> **GIVEN DATA**
[Start of Attachment]

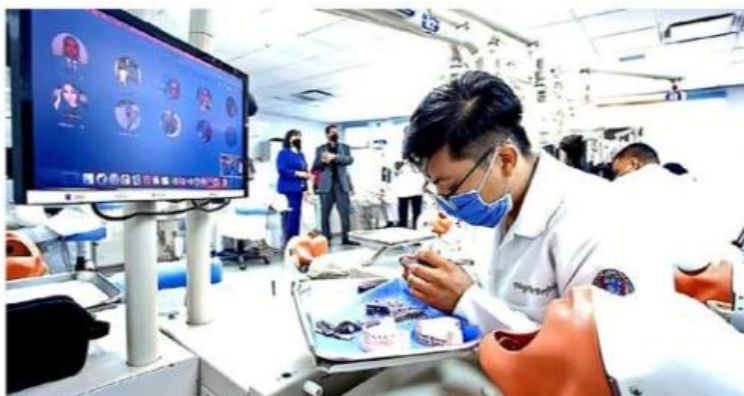
El 11 por ciento de alumnos de la Universidad Autónoma de Nuevo León volvieron ayer a clases presenciales.

Para este semestre, la Universidad cuenta con 918 aulas con el equipo tecnológico (cámaras, micrófonos y pantallas) que permite al profesor impartir su clases de manera simultánea con estu-
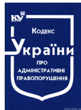
Кодекс України про адміністративні правопорушення

Перейти до галузі права Кримінальне право та процес
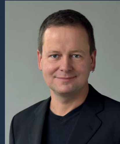
Dr. Klaus Lederer, Bürgermeister und Senator für Kultur und Europa von Berlin (Pressefoto)

Zu den 25 Jahren UOKG werden noch eine Reihe weiterer Jahre hinzukommen – denn, das vorweg, es kann keinen Schlusspunkt für die Aufarbeitung begangenen und erlittenen Unrechts unter der SED-Diktatur geben. Es darf ihn nicht geben. Die Orte der Täter und Opfer bleiben wichtiger Bestandteil der Erinnerungskultur, und es gilt sie weiterzuentwickeln. Die Schicksale und Erzählungen müssen bewahrt und ausgetauscht werden.

[End of Attachment]

> **WHAT TO WORK ON**
Where a line of the data contains "Universidad", copy that line.

> **ANSWER FOR THIS EXERCISE**
El 11 por ciento de alumnos de la Universidad Autónoma de Nuevo León volvieron ayer a clases presenciales.
Para este semestre, la Universidad cuenta con 918 aulas con el equipo tecnológico (cámaras, micrófonos y pantallas) que permite al profesor impartir su clases de manera simultánea con estu-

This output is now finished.